United States v. Kevin Harris

854 F.3d 1053, 2017 WL 1404198, 2017 U.S. App. LEXIS 6873
CourtCourt of Appeals for the Ninth Circuit
DecidedApril 20, 2017
Docket16-10152
StatusPublished
Cited by2 cases

This text of 854 F.3d 1053 (United States v. Kevin Harris) is published on Counsel Stack Legal Research, covering Court of Appeals for the Ninth Circuit primary law. Counsel Stack provides free access to over 12 million legal documents including statutes, case law, regulations, and constitutions.

Bluebook
United States v. Kevin Harris, 854 F.3d 1053, 2017 WL 1404198, 2017 U.S. App. LEXIS 6873 (9th Cir. 2017).

Opinion

*1055 OPINION

PER CURIAM:

In 1997, Michael Harris was convicted of eight federal criminal counts related to theft from an employee benefit plan. He was sentenced to 30 months in prison and ordered to pay $646,000 in restitution. He has paid only a small fraction of that amount. The government later learned that Harris is a beneficiary of two irrevocable, discretionary trusts established by his parents for his support. In 2015, the government applied for a writ of continuing garnishment for any property distributed to Harris from the trusts. See 28 U.S.C. § 3205(a). 1 The trustees opposed the application on the ground that Harris had disclaimed his interest in the trusts, with the exception of several checking and investment accounts. The district court granted the writ and ordered the trustees to pay to the United States all current and future amounts distributed to Harris under the trusts.

We have jurisdiction under 28 U.S.C. § 1291 and must decide whether a writ of continuing garnishment may attach to a beneficiary’s interest in a discretionary support trust. We review the district court’s legal conclusions on this issue de novo. See Lim v. City of Long Beach, 217 F.3d 1050, 1054 (9th Cir. 2000).

We begin with the procedure for identifying property subject to federal writs of garnishment. A federal restitution order is “a lien in favor of the United States on all property and rights to property” as if the liability were for “a tax assessed under the Internal Revenue Code of 1986.” 18 U.S.C. § 3613(c). In examining the statutes that govern tax liens, as we must do here, the Supreme Court has noted that Congress used broad language so as “to reach every interest in property that a taxpayer might have.” United States v. Nat’l Bank of Commerce, 472 U.S. 713, 720, 105 S.Ct. 2919, 86 L.Ed.2d 565 (1985). “Property” subject to garnishment under these statutes “includes any present or future interest, whether legal or equitable, in real, personal (including choses in action), or mixed property, tangible or intangible, vested or contingent, wherever located and however held (including community property and property held in trust (including spendthrift and pension trusts)).” 28 U.S.C. § 3002(12). In determining whether a property right falls within this definition, “the important consideration is the breadth of the control the taxpayer could exercise over the property,” which we assess with reference to the state law governing the right. Drye v. United States, 528 U.S. 49, 61, 120 S.Ct. 474, 145 L.Ed.2d 466 (1999) (alterations omitted) (quoting Morgan v. Comm’r, 309 U.S. 78, 83, 60 S.Ct. 424, 84 L.Ed. 585 (1940)).

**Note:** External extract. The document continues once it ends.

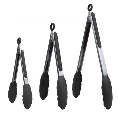 3 Bộ Kẹp Bếp Màu Đen, Kẹp Thực Phẩm Nấu Nướng BBQ Bằng Thép Không Gỉ Không Dính BPA Silicone Cao Cấp
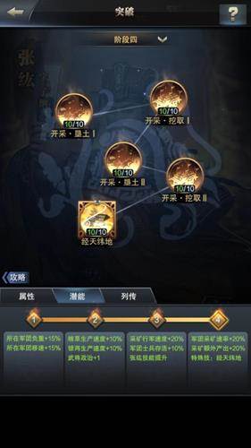 以上就是江东名士张纮的突破情况介绍了。突破后的张纮能在种田挖矿等资源收集方面发挥重要的作用,各位主公千万不要错过哦!更多精彩内容,尽在《三国群英传-霸王之业》!

To determine whether Harris’s interest in the trusts fits within this expansive definition of property, we look first to the trusts themselves and to the laws of California, the state that governs them. See id. at 52, 120 S.Ct. 474. In California, an irrevocable trust provides its beneficiaries with “a vested and present beneficial interest in the trust property.” Empire Props. v. Cty. of Los Angeles, 44 Cal.App.4th 781, 52 Cal.Rptr.2d 69, 73 (1996). Per the trust documents, the amount payable to Harris is subject to the absolute discretion of the trustees. The first trust, known as the Restated Trust, provides that “[t]he Trustee shall payout of income *1056 which in the Trustee’s absolute discretion will help support [Harris], which in the opinion of the Trustee will allow [Harris] to properly manage his affairs.” That trust also states that “[t]he Trustee may pay to [Harris] or for his benefit, so much of the principal as the Trustee deems necessary or advisable from time to time for his health, maintenance, education, and best interest.” The second trust, known as the Harris Trust, provides that the trustees “may” distribute both the trust’s income and principal for Harris’s support, again subject to their absolute discretion. Each trust also contains a spendthrift clause, which provides that “[t]he interest of the beneficiary in principal or income shall not be subject to the claims of any creditor, any spouse for alimony or support, or others, or to legal process, and may not be voluntarily or involuntarily alienated or encumbered.”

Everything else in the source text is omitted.